On click. An LLM reads the computed facts and writes a short narrative with a recommended fix. Cached, so idle costs nothing.

What the detectors measure

Each metric uses the statistically appropriate test, not a one-size-fits-all threshold. You don’t need the math to read the dashboard:
SignalMethodReads as
Latency / cost / token spikesRobust z-score (median + MAD)“Far above the workflow’s normal range.” Immune to one-off outliers.
Error / refusal rate changeTwo-proportion test + Wilson 95% CI”The failure rate genuinely rose, not just noise.” Confirmed only when the CIs don’t overlap.
Volume / error-count spikesPoisson or Negative-Binomial”More calls/errors than expected” — won’t cry wolf on bursty-but-normal traffic.
Finish-reason driftJensen-Shannon divergence”The mix of stop / length / content-filter outcomes shifted.”
Cost movementShapley decomposition”Spend rose X% — here’s how much was volume vs. price.”
Baselines are computed per hour-of-week, so a Tuesday-3pm spike is judged against past Tuesday 3pms — not a flat weekly average.

Severity

Findings are graded by significance and effect size and sample size:
  • Critical — strong evidence, large effect, enough data.
  • Warning — significant but smaller or less certain.
  • Info — borderline or low-sample; worth a glance.

Root-cause trajectories

Click a finding to open its trajectory.

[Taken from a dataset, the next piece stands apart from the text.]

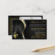 Passen Sie diese Visitenkarte an, die als Terminkarte dient. Zeigt das Bild von Haaren, Salonkamm, Salonschere (Schere) und Fön. Die Farben sind schwarz, weiß und goldfarben. Entwerfen Sie hier Ihre eigenen Karten.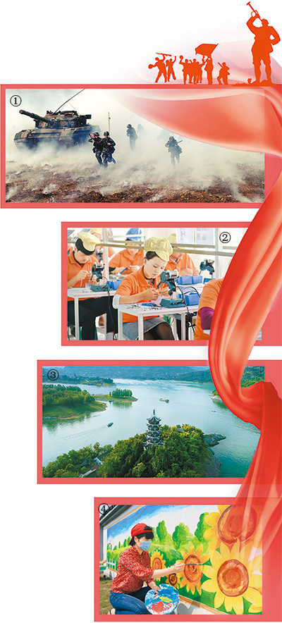其中“從站起來(lái)、富起來(lái)到強(qiáng)起來(lái)的歷史性飛躍”的論斷,既簡(jiǎn)明扼要地概括了近代以來(lái)中國(guó)實(shí)現(xiàn)飛躍的歷史進(jìn)程,又深刻揭示了中國(guó)特色社會(huì)主義不斷開(kāi)辟發(fā)展新境界的歷史意義。其背后,則是中國(guó)人民創(chuàng)造幸福生活、一步步實(shí)現(xiàn)“中國(guó)夢(mèng)”的生動(dòng)實(shí)踐。

Orbitrage reconstructs the execution graph of the affected runs — linking parent calls to child calls by explicit trace ids, and, where those are missing, by content overlap between one call’s output and the next call’s input. From that graph it computes:
  • First broken node — the earliest step whose outcome was a failure, timeout, empty response, or refusal.
  • Propagation path — the downstream steps that degraded because of it.
  • Bottleneck — the step on the critical path that ate the most time.
  • Recovery rate — how many affected runs the fallback chain saved.
  • Impact — affected sessions, wasted cost, and extra retries, summed exactly from the data.
Representative run graphs are shown so you can see the cascade, not just read a summary.
Intelligence tab with anomaly findings and a propagation trajectory graph

Explain (the LLM narrative)

The Explain button asks a model (routed through Orbitrage itself) to turn the already-computed facts into a short narrative and a recommended action — for example:
The Research node (claude-sonnet) is timing out on 61% of requests since 14:00 — a provider-side regression. The downstream Writer then gets empty context and refuses. Routing recovers 70% via fallback to gpt-4o-mini, but 38 runs still fail. Fix: route Research to a faster model; check the provider’s status page.
Because it only runs on click and is cached (~30 min), an idle dashboard spends zero LLM tokens on explanations.

Where it shows up

  • The Intelligence tab in a workflow surfaces live findings and trajectories.
  • The Overview page shows org-wide anomalies and incident KPIs.
  • The Ask Analytics assistant can run the same anomaly detection on demand (detect_anomalies, node_drift).
  • Anomaly alerts push breaches to Slack automatically.
The Intelligence layer is descriptive — it tells you what is happening and why, with exact numbers. It does not auto-remediate; recommendations are advisory.